**What you will do:** Images should not appear in the copy, yet every line of the listing below must be printed exactly.

**Data records:**
##############################

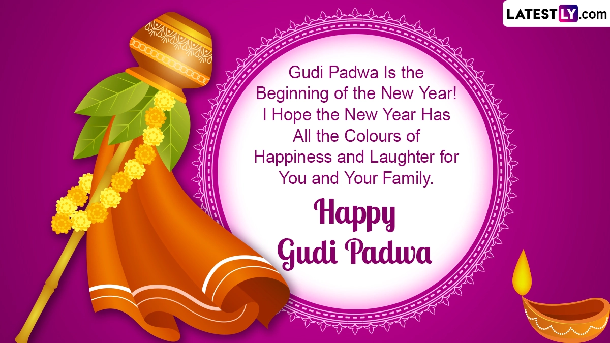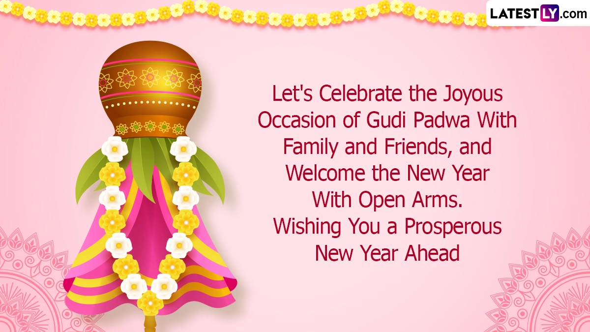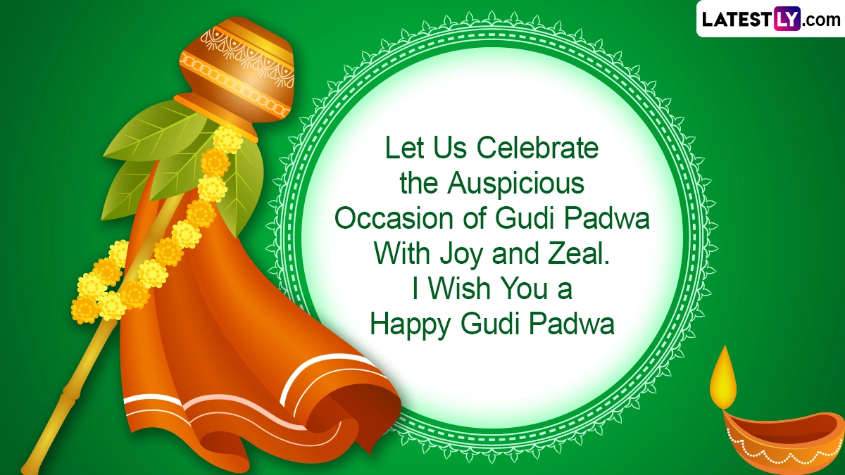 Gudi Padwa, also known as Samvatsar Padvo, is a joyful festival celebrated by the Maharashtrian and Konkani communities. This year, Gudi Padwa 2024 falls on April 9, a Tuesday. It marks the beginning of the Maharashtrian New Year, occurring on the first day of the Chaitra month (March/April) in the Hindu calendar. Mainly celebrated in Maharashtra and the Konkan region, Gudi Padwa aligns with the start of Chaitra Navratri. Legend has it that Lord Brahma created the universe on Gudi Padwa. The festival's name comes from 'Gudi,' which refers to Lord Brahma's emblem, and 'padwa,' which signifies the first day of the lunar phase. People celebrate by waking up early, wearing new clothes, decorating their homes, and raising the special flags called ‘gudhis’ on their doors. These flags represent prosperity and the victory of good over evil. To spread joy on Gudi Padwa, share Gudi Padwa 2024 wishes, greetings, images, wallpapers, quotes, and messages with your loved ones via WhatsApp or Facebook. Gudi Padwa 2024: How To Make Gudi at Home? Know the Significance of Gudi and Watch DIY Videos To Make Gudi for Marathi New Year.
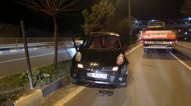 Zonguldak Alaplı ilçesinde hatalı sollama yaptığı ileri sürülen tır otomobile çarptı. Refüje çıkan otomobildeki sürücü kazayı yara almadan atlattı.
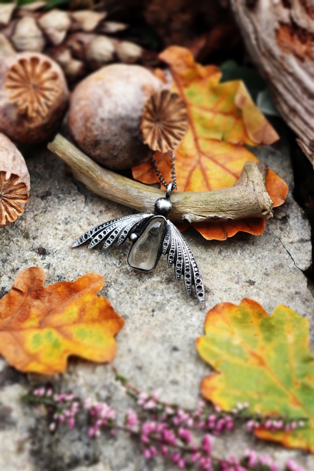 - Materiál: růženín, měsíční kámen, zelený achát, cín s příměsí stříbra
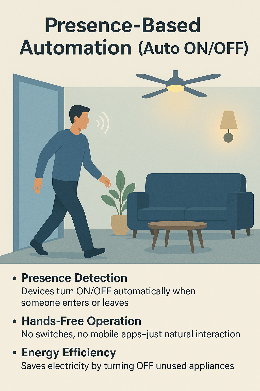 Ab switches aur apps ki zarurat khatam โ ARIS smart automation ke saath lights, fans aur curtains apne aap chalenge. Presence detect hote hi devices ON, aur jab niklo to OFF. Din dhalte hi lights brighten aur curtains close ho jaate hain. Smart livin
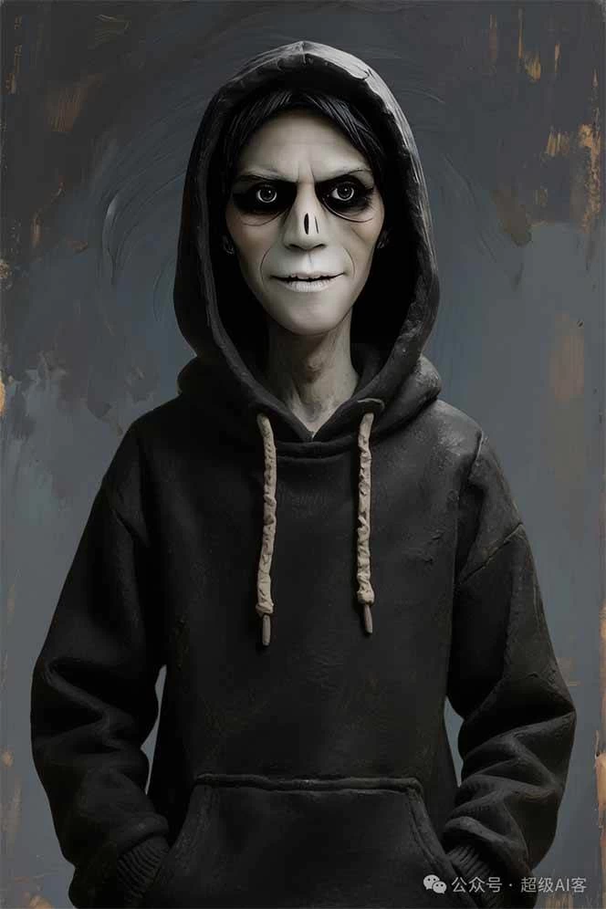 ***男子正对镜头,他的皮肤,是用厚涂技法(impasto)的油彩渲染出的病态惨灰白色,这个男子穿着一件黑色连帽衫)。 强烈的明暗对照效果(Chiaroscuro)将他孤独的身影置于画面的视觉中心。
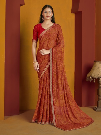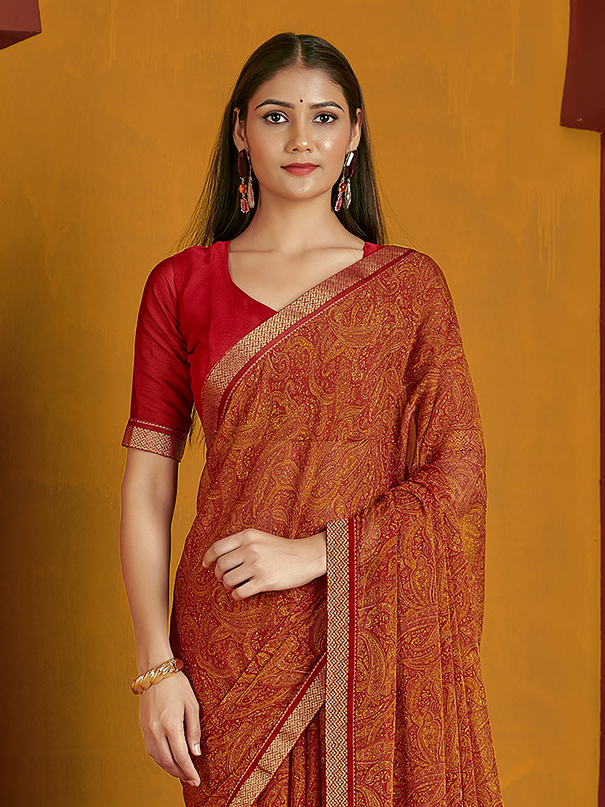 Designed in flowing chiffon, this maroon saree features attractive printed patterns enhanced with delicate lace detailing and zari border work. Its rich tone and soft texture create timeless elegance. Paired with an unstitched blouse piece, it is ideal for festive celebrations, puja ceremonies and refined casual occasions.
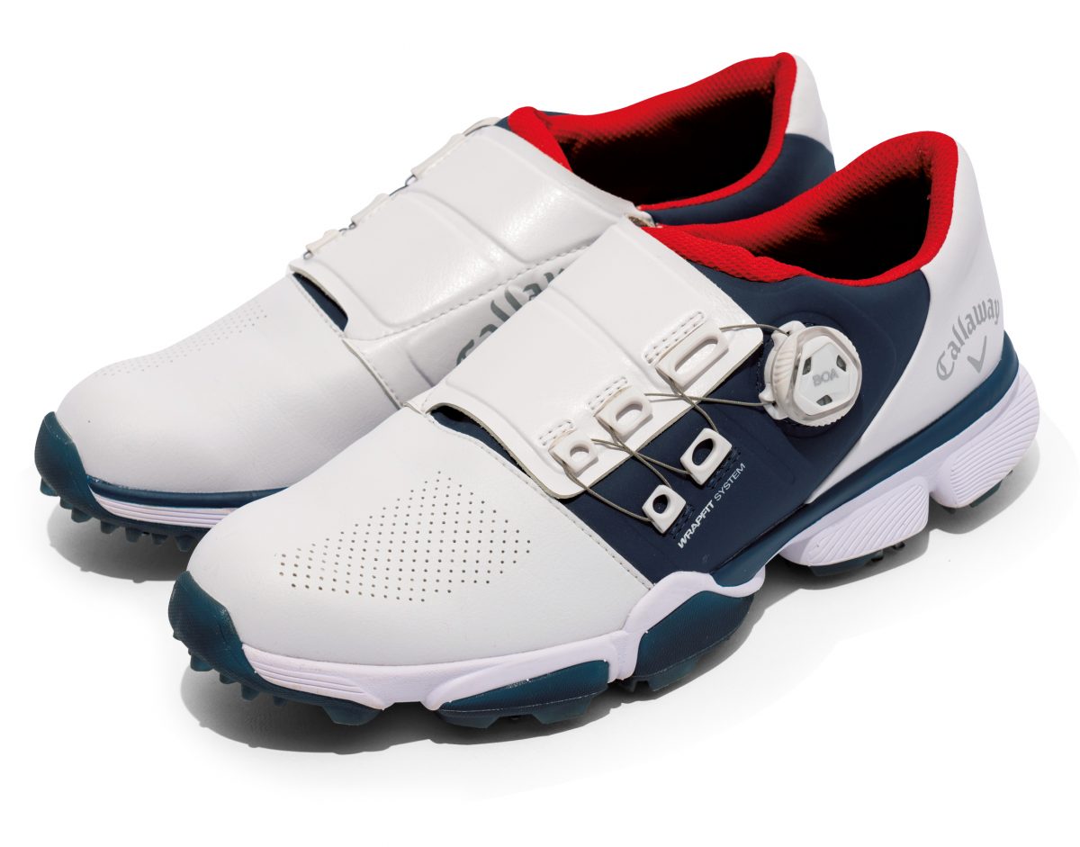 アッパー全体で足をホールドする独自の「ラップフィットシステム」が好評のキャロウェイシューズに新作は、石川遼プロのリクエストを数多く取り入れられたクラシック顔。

##############################

**Task output:**
 Gudi Padwa, also known as Samvatsar Padvo, is a joyful festival celebrated by the Maharashtrian and Konkani communities. This year, Gudi Padwa 2024 falls on April 9, a Tuesday. It marks the beginning of the Maharashtrian New Year, occurring on the first day of the Chaitra month (March/April) in the Hindu calendar. Mainly celebrated in Maharashtra and the Konkan region, Gudi Padwa aligns with the start of Chaitra Navratri. Legend has it that Lord Brahma created the universe on Gudi Padwa. The festival's name comes from 'Gudi,' which refers to Lord Brahma's emblem, and 'padwa,' which signifies the first day of the lunar phase. People celebrate by waking up early, wearing new clothes, decorating their homes, and raising the special flags called ‘gudhis’ on their doors. These flags represent prosperity and the victory of good over evil. To spread joy on Gudi Padwa, share Gudi Padwa 2024 wishes, greetings, images, wallpapers, quotes, and messages with your loved ones via WhatsApp or Facebook. Gudi Padwa 2024: How To Make Gudi at Home? Know the Significance of Gudi and Watch DIY Videos To Make Gudi for Marathi New Year.
 Zonguldak Alaplı ilçesinde hatalı sollama yaptığı ileri sürülen tır otomobile çarptı. Refüje çıkan otomobildeki sürücü kazayı yara almadan atlattı.
 - Materiál: růženín, měsíční kámen, zelený achát, cín s příměsí stříbra
 Ab switches aur apps ki zarurat khatam โ ARIS smart automation ke saath lights, fans aur curtains apne aap chalenge. Presence detect hote hi devices ON, aur jab niklo to OFF. Din dhalte hi lights brighten aur curtains close ho jaate hain. Smart livin
 ***男子正对镜头,他的皮肤,是用厚涂技法(impasto)的油彩渲染出的病态惨灰白色,这个男子穿着一件黑色连帽衫)。 强烈的明暗对照效果(Chiaroscuro)将他孤独的身影置于画面的视觉中心。
 Designed in flowing chiffon, this maroon saree features attractive printed patterns enhanced with delicate lace detailing and zari border work. Its rich tone and soft texture create timeless elegance. Paired with an unstitched blouse piece, it is ideal for festive celebrations, puja ceremonies and refined casual occasions.
 アッパー全体で足をホールドする独自の「ラップフィットシステム」が好評のキャロウェイシューズに新作は、石川遼プロのリクエストを数多く取り入れられたクラシック顔。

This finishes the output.